Robb: Market peak is over, cow/calf producers can still make moneyWritten by Gayle Smith
Greeley, Colo. – Despite rising production costs and a falling cattle market, there is still money to be made in the cow/calf market.
“It takes more capital than ever to be in the cattle business, but the returns have never been better,” according to the senior agricultural economist of the Livestock Marketing Information Center.
Jim Robb spoke to cattle producers during the Colorado Farm Show, recently.
The recent past
Estimated returns for cow/calf producers were a record $500 per cow in 2014 and $300 in 2015. Based on his current estimates, Robb said producers may still make an estimated $200 per cow in 2016.
“With another year of good cow/calf returns, I would encourage producers to make a plan how to position their operations for the next five years,” he said.
“If we are going to be in the cattle business, we better love it because we could probably be making more money and get a better return on our assets someplace else,” Robb stated.
“However, we should be able to cover our entire economical cost of production, and our return on assets is definitely better than the stock market,” he added.
Looking at 2016
The key drivers in 2016 will be cash costs of production and pasture rent. Annual cow/calf costs have increased from $300 in 1986 to $550 in 2006, when the ethanol boom was occurring. This year that cost is expected to approach $900.
“This cost will shape the industry for the next several years as to who comes back in to the cow/calf industry,” Robb said.
Most of the increasing cow costs can be attributed to pasture rent, which has increased more than $100 in the last few years.
“Producers are going to have to become more and more effective in managing this limited resource and find ways to produce more and more,” he explained.
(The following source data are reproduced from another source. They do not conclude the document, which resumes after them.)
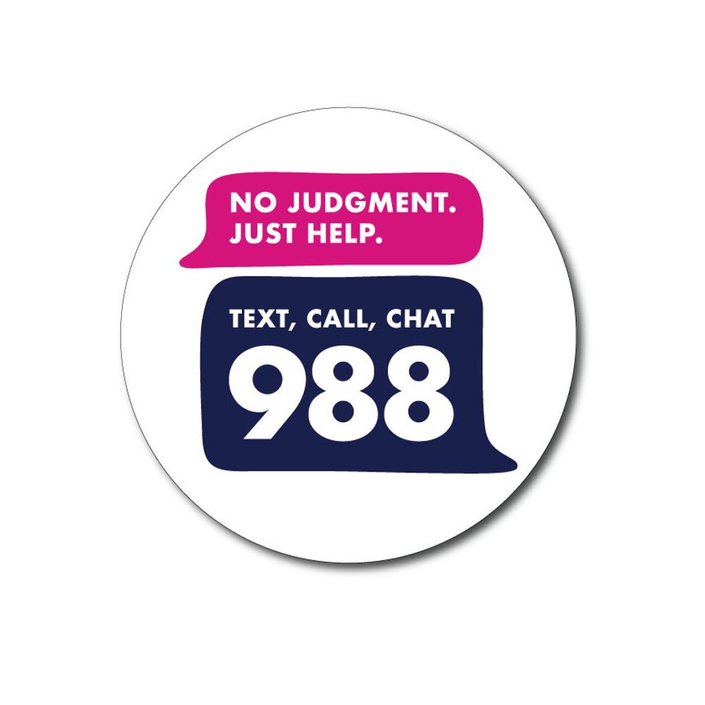 Measuring 5.5" x 5.5", this round vinyl sticker features bold messaging in vibrant speech bubble graphics: “No Judgment. Just Help.” and the easy-to-remember 988 hotline for text, call, or chat.
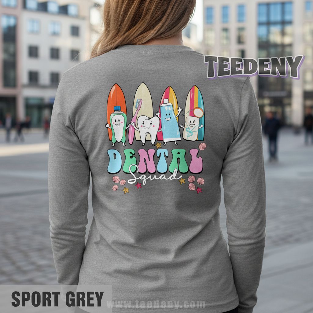 Compared to basic dental graphic shirts, this design feels more personal and seasonal. It highlights camaraderie and positivity, which makes it especially meaningful for group orders or coordinated office outfits. If you are planning a summer celebration or looking for a thoughtful appreciation gift for a dental coworker, this tee adds personality and warmth without trying too hard.
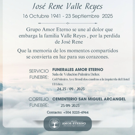 Con profundo pesar, lamentamos la partida de [José René Valle Reyes ], quien en vida fue ejemplo de integridad, dedicación y amor por su familia. Su legado permanece en cada gesto de bondad que dejó a su paso. En estos momentos de dolor,
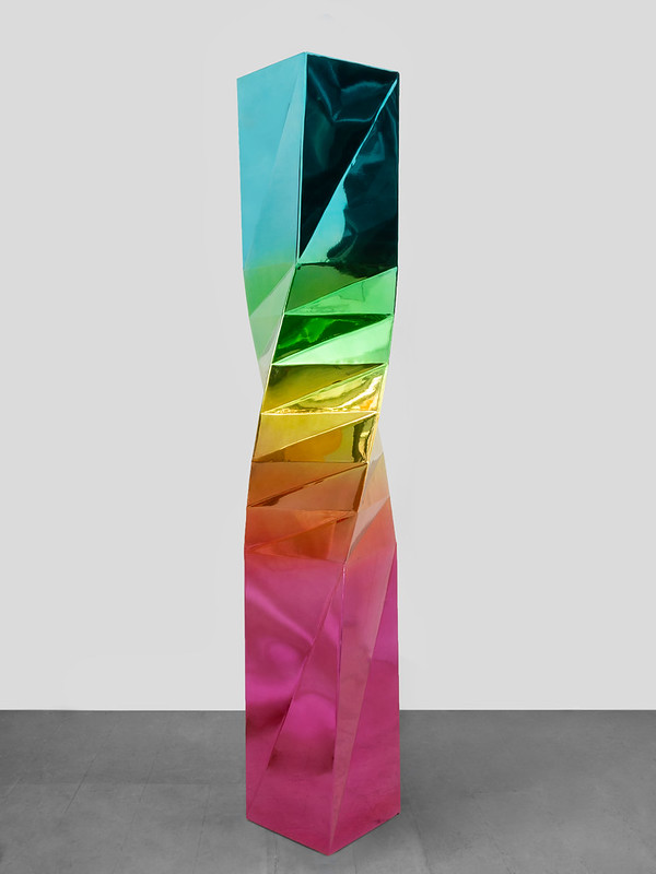 The artist, in his constant evolution in sculpture and who has made stainless steel his hallmark, presents this totem in stainless steel with translucent mineral pigment.
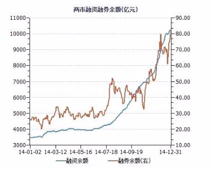 一方面,A股市场的融资融券交易呈现爆发式增长,成为助推股指大涨的最大功臣。2014年的最后两个月,两融余额甚至连续突破8000亿、9000亿和10000亿(12月19日,沪深两市融资融券余额总量达10048.22亿元,首次突破万亿元大关大关),实现三级跳。Wind数据显示,截至12月24日,两融余额达到1.002万亿,相比2010年初,增幅高达188%。在两融冲击万亿关口的过程中,逾三成两融标的股融资余额翻倍。
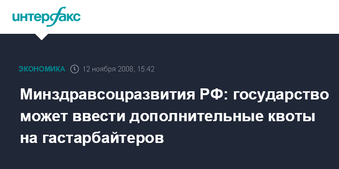 Минздравсоцразвития РФ: государство может ввести дополнительные квоты на гастарбайтеров

Management is key, Robb added.
“Producers are going to have to really manage their pastures by getting rid of noxious weeds to get more productivity,” he said. “Many people are not going to come into this business at $900 per cow that were in this business prior to the drought.”
Robb sees 2016 as a year of transition.
“There are more cattle behind us, and we’re placing less,” he said of the fat cattle market. “Prices will be under more pressure in the second half of 2016 when fed cattle prices feed back into calves and yearlings.”
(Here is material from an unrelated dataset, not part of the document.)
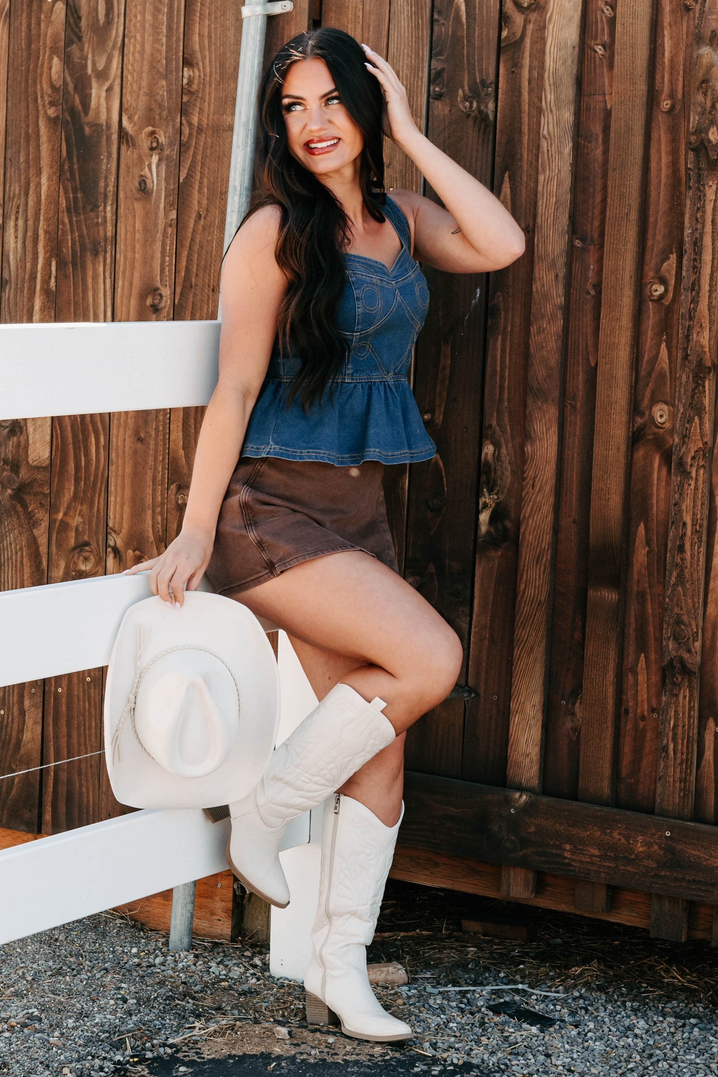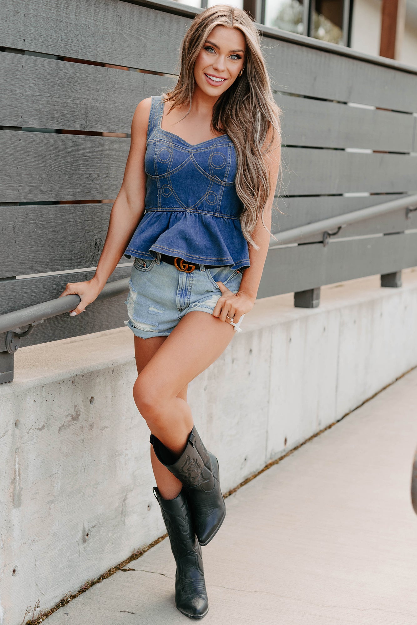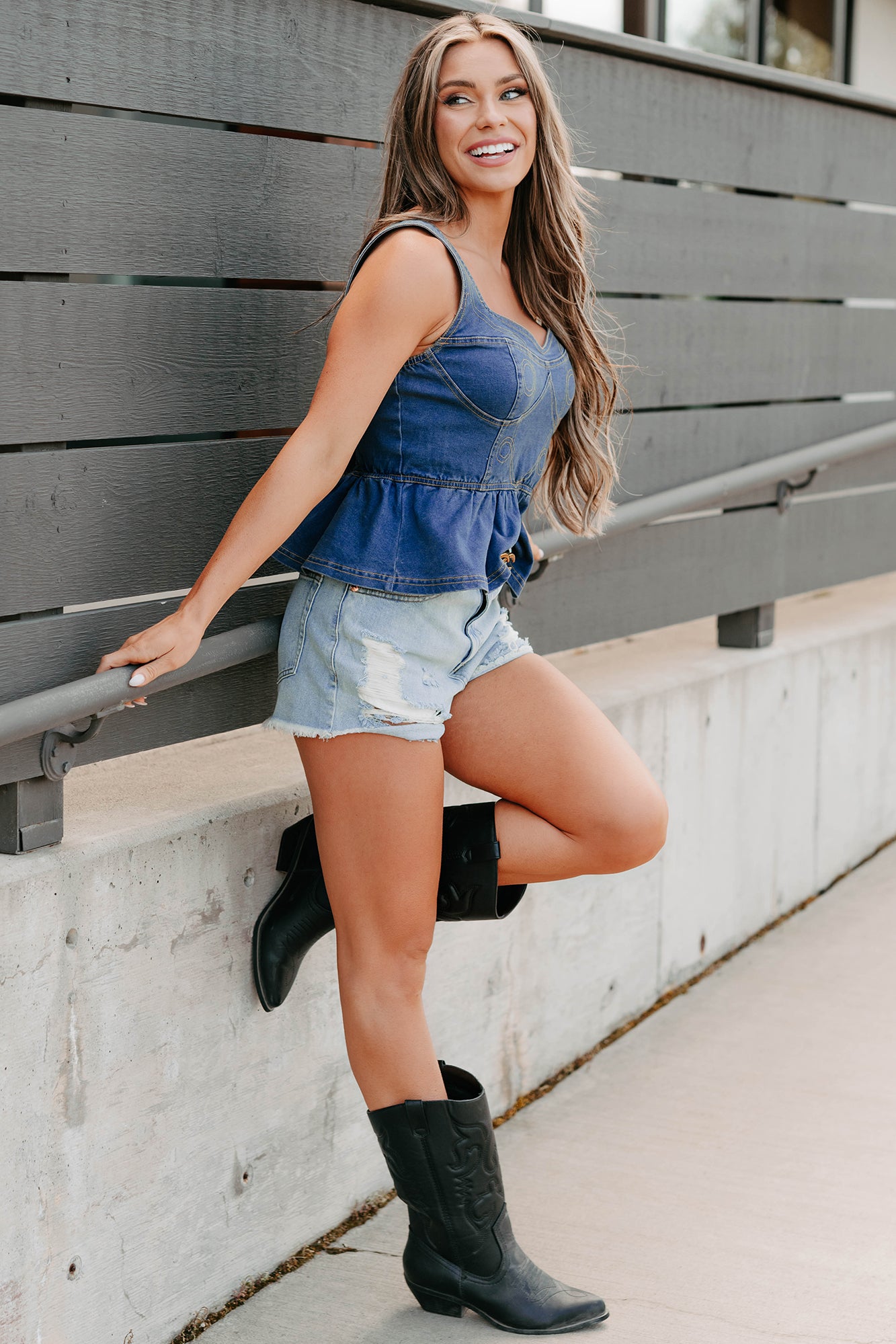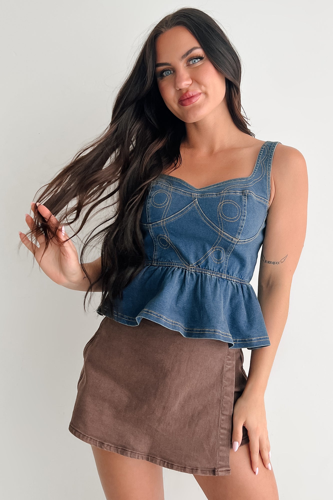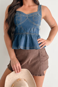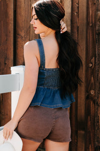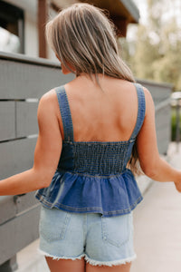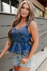 Dainty In Denim Peplum Tank Top (Medium Blue)

The biggest part of that adjustment has already happened, Robb said, but producers can still expect lower prices. It will just be at a slower pace, he noted.
Southern Plains calf prices are projected to be just below two dollars a pound this year, which is still above 2013 prices.
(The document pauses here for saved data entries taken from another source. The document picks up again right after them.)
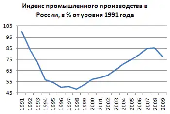 - ↑ Индексы производства по отдельным видам экономической деятельности Российской Федерации в % к 1992 году Архивная копия от 14 июня 2021 на Wayback Machine // Росстат
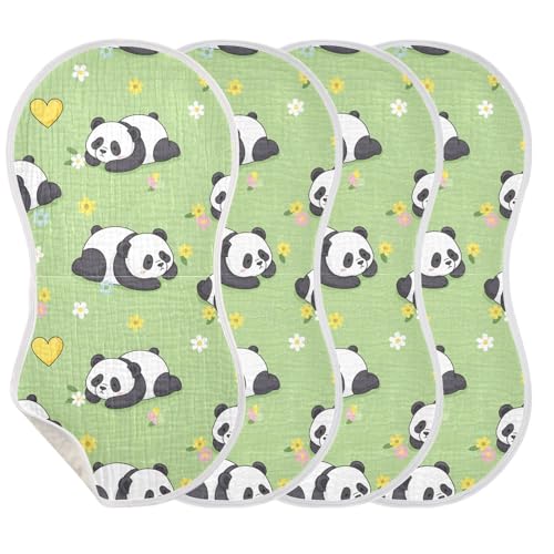 J JOYSAY Panda Flowers Hearts Green Baby Burp Cloths for Boys Girls Large 22''x11'' Cotton 4 Layer Burping Cloths for Girl Babies one sizex2 4
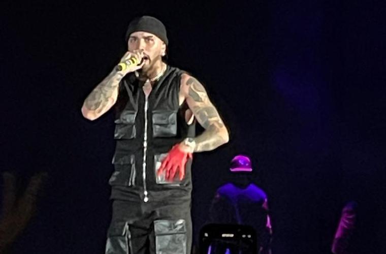 Coreaban cuando él lo pedía, todos los temas himnos de su disco anterior en donde Dímelo Flow colaboró. Pero el momento cumbre de la noche llegó cuando dijo que tenía un invitado muy especial: Sech. Con Carlos Morales, nombre de pila del panameño, interpretó el remix de "911", "La playa", y Sech cantó "Sal y perrea".
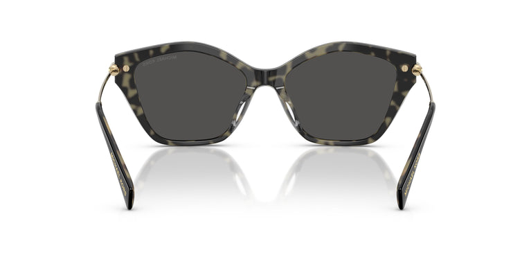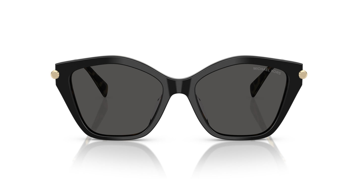The irregular acetate silhouette offers a unique twist on a timeless design, while metallic studs at the temples add a touch of rebellious glamour. Sleek metal temples complete the look of luxury and attitude. Front stud details at the temple are inspired by Michael Kors' legendary Astor hardware. Universal fit for a wide range of face shapes and sizes.

The economist encouraged producers to keep a close eye on the cattle markets and the U.S. economy to determine the best time to sell.
“Fed cattle prices may be lower in the fourth quarter this year and could be at their lowest point of the year,” he said, while also projecting prices to be plus or minus $10 per hundredweight in the fourth quarter.
Since most ranchers sell calves in the fourth quarter, they may experience lower calf prices.
Producers should know their cost of production so they can determine whether or not to take early bids.
“Holding calves is probably not going to be profitable this year,” Robb said. “It is important to build numbers, but make sure and pay attention to downdrafts in the market.”
Several things could impact the market, pushing calf prices down, including the U.S. economy, the domestic demand profile and whether or not the U.S. goes into a recession pushed by the world economy.
Producers should also be prepared to react quicker if there is a short corn crop, with building cow numbers.
“The fourth quarter of 2014 was the peak of the cattle market for cull cows, calves, yearlings and fed cattle,” Robb stressed. “Cattle prices could continue to erode through 2018, then they will hopefully stabilize to more normal seasonal price patterns.”
Robb said 2016 will not be a repeat of 2015. He sees the biggest potential price drops this year and volatility in heavy yearlings. Producers need to make a plan, use discipline and get price protection, he noted.